### What is needed
Where the listing below has a line with "小胖在丰田展台流连不返,看起", write out exactly that line and every line after it, stopping after the line with "Набір брязкалець Hape Геометричні фігури 3 в 1 сподобається".

-- Supplied material follows --

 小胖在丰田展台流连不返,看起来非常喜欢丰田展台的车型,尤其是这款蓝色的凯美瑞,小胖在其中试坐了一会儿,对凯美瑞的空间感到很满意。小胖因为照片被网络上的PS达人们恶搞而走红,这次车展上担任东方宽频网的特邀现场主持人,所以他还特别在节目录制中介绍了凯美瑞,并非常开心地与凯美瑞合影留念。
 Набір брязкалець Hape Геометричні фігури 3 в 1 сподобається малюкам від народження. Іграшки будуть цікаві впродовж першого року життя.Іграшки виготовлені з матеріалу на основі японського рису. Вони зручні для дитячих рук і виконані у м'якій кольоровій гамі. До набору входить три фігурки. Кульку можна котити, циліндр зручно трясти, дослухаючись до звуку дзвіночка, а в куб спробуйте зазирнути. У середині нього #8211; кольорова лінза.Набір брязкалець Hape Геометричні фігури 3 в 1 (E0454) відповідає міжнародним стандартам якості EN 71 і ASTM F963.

-- Supplied material concluded --
-- Supplied material follows --

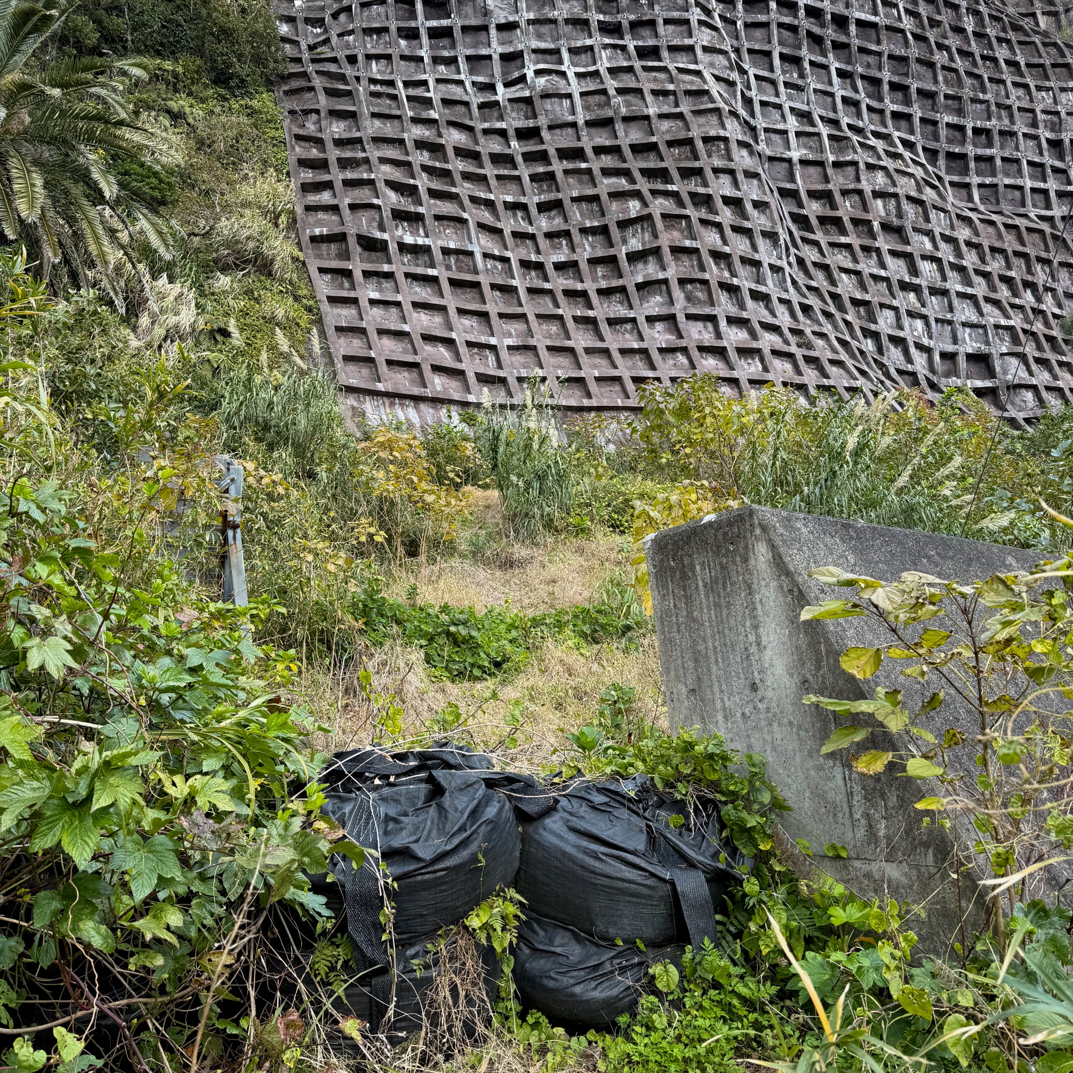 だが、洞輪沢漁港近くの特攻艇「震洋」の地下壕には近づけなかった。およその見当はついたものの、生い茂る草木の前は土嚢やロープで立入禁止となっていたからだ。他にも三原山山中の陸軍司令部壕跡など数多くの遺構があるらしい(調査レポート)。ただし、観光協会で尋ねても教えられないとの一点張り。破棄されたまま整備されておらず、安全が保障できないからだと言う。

-- Supplied material concluded --

### Answer to the problem
 小胖在丰田展台流连不返,看起来非常喜欢丰田展台的车型,尤其是这款蓝色的凯美瑞,小胖在其中试坐了一会儿,对凯美瑞的空间感到很满意。小胖因为照片被网络上的PS达人们恶搞而走红,这次车展上担任东方宽频网的特邀现场主持人,所以他还特别在节目录制中介绍了凯美瑞,并非常开心地与凯美瑞合影留念。
 Набір брязкалець Hape Геометричні фігури 3 в 1 сподобається малюкам від народження. Іграшки будуть цікаві впродовж першого року життя.Іграшки виготовлені з матеріалу на основі японського рису. Вони зручні для дитячих рук і виконані у м'якій кольоровій гамі. До набору входить три фігурки. Кульку можна котити, циліндр зручно трясти, дослухаючись до звуку дзвіночка, а в куб спробуйте зазирнути. У середині нього #8211; кольорова лінза.Набір брязкалець Hape Геометричні фігури 3 в 1 (E0454) відповідає міжнародним стандартам якості EN 71 і ASTM F963.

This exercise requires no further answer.